> **Given material**:
☆ ☆ ☆ ☆
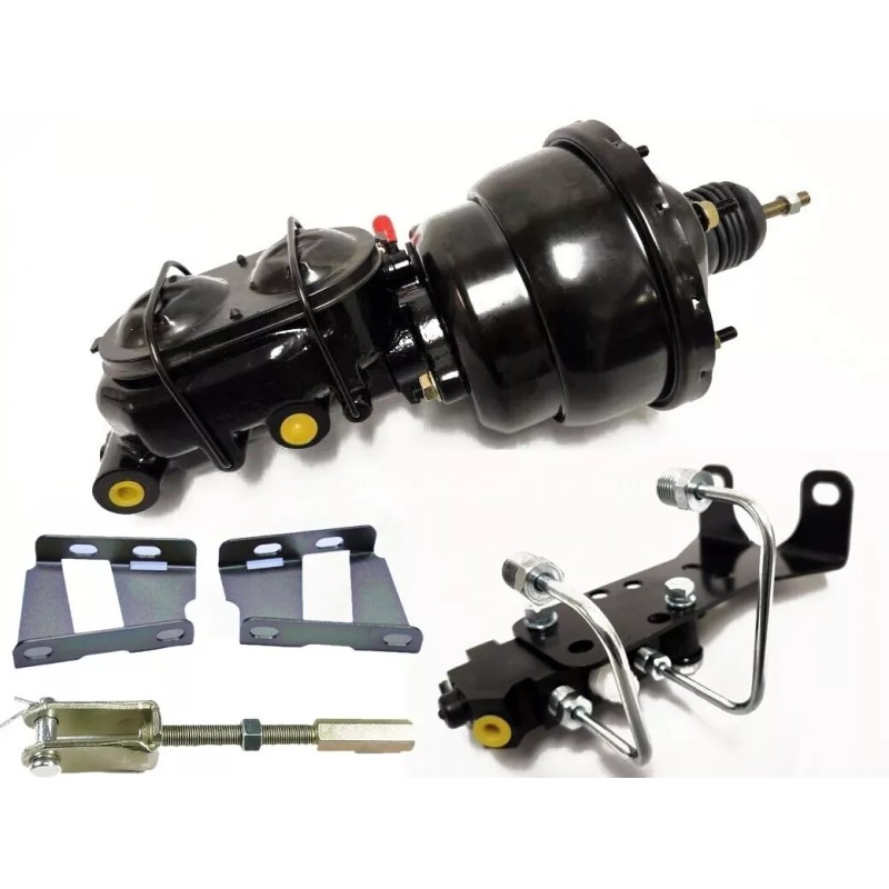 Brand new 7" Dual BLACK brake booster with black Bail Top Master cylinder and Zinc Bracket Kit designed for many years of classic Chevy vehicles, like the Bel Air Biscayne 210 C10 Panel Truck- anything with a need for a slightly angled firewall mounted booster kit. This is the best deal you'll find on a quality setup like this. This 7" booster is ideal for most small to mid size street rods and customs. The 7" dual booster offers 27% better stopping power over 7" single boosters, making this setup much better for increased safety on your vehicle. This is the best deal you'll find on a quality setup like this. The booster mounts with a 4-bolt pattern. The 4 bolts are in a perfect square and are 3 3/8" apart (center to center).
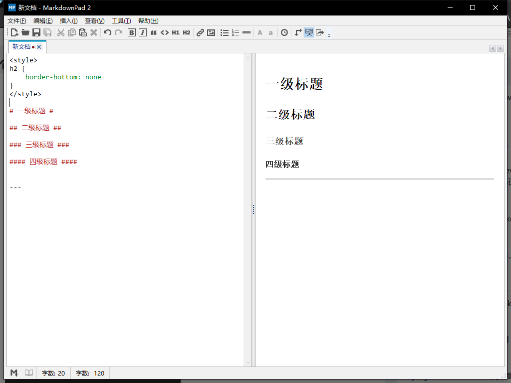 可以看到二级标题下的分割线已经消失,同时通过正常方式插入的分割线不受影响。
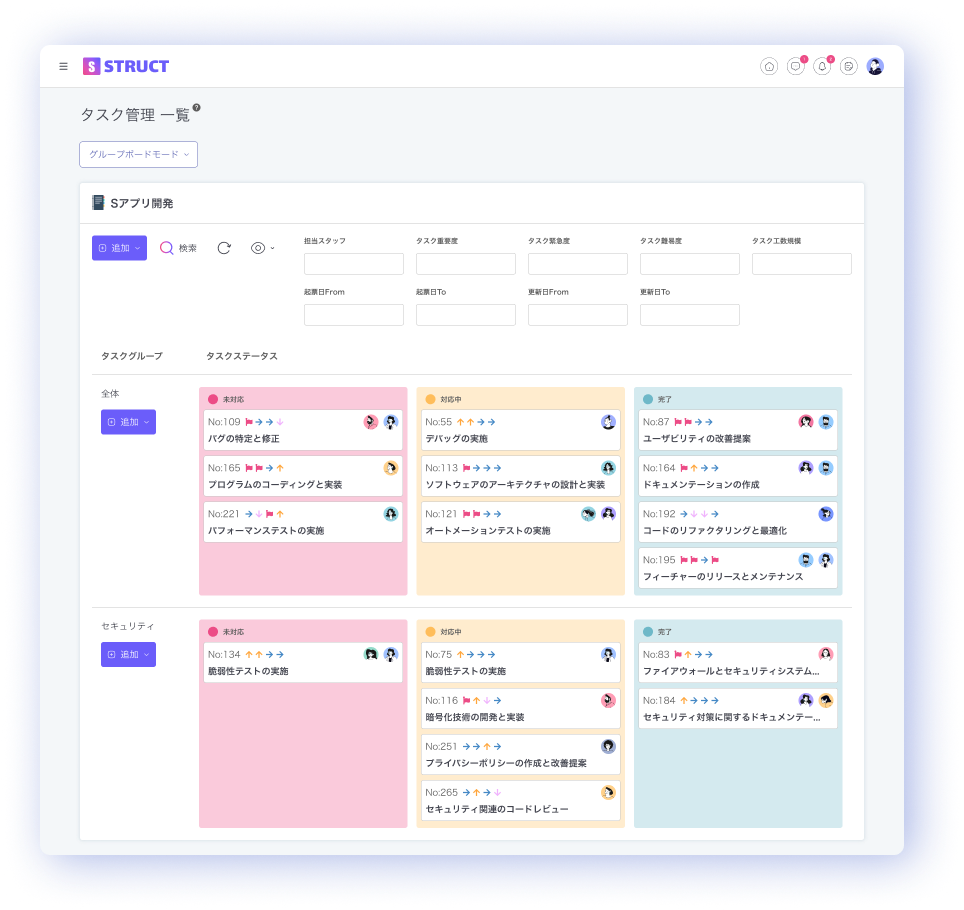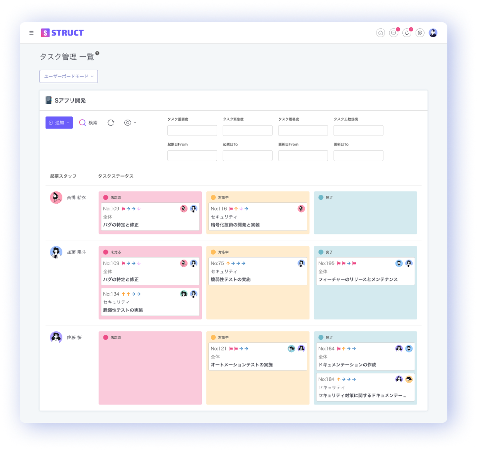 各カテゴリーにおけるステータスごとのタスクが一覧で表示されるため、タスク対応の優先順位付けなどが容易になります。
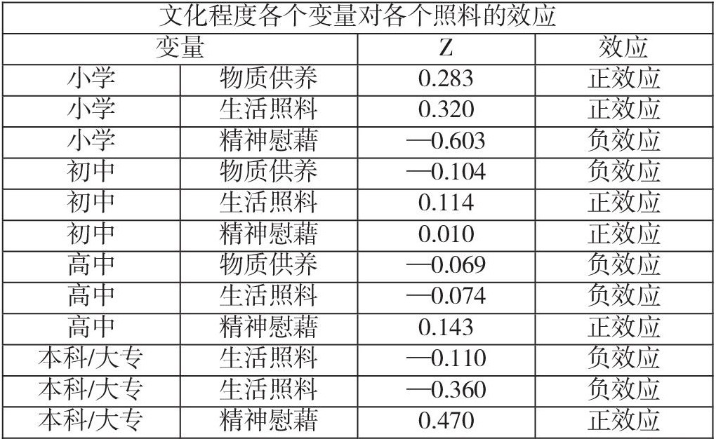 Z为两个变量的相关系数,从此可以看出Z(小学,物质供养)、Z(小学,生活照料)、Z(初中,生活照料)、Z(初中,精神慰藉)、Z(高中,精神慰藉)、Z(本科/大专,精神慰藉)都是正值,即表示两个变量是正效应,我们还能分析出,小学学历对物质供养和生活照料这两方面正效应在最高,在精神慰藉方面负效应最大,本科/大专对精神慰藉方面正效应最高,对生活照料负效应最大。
☆ ☆ ☆ ☆
> **Exercise directions**:
A word-for-word copy is required of the lines above from the line with "可以看到二级标题下的分割线已经消失,同时通过正常方式插入的分割线不受影响。" through the last line of the data; no other lines and no pictures belong in it.

> **Answer box**:
 可以看到二级标题下的分割线已经消失,同时通过正常方式插入的分割线不受影响。
 各カテゴリーにおけるステータスごとのタスクが一覧で表示されるため、タスク対応の優先順位付けなどが容易になります。
 Z为两个变量的相关系数,从此可以看出Z(小学,物质供养)、Z(小学,生活照料)、Z(初中,生活照料)、Z(初中,精神慰藉)、Z(高中,精神慰藉)、Z(本科/大专,精神慰藉)都是正值,即表示两个变量是正效应,我们还能分析出,小学学历对物质供养和生活照料这两方面正效应在最高,在精神慰藉方面负效应最大,本科/大专对精神慰藉方面正效应最高,对生活照料负效应最大。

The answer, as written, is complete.